ASSIGNMENT >>
Take the material below and output exactly the run of lines from the one containing "18thc English Porcelain" down to the one containing "For nursery ideas, corner", with both included.

TASK MATERIAL >>
- - - - -

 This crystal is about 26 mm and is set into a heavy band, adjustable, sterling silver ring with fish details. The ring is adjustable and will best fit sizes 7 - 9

- - - - -

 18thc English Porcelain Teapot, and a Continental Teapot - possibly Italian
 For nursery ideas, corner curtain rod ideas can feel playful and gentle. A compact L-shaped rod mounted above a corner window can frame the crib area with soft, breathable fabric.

- - - - -

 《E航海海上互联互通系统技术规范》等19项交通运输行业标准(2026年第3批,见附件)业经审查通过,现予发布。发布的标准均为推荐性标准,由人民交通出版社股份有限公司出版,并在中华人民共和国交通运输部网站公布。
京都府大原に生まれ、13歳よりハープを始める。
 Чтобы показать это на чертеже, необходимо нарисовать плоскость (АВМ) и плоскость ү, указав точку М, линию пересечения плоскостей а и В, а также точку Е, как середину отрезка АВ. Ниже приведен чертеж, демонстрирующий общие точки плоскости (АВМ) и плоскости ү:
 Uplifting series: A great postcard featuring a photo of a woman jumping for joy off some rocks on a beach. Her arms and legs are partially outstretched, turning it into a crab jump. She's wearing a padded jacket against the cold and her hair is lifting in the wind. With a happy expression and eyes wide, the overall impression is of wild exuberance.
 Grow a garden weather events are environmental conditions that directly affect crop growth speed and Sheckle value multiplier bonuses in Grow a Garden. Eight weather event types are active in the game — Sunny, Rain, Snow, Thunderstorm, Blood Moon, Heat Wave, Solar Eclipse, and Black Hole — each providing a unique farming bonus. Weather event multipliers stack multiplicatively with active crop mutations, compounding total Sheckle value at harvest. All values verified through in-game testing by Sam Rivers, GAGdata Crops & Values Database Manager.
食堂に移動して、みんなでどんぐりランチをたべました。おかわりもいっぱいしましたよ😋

- - - - -

EXERCISE OUTPUT >>
 18thc English Porcelain Teapot, and a Continental Teapot - possibly Italian
 For nursery ideas, corner curtain rod ideas can feel playful and gentle. A compact L-shaped rod mounted above a corner window can frame the crib area with soft, breathable fabric.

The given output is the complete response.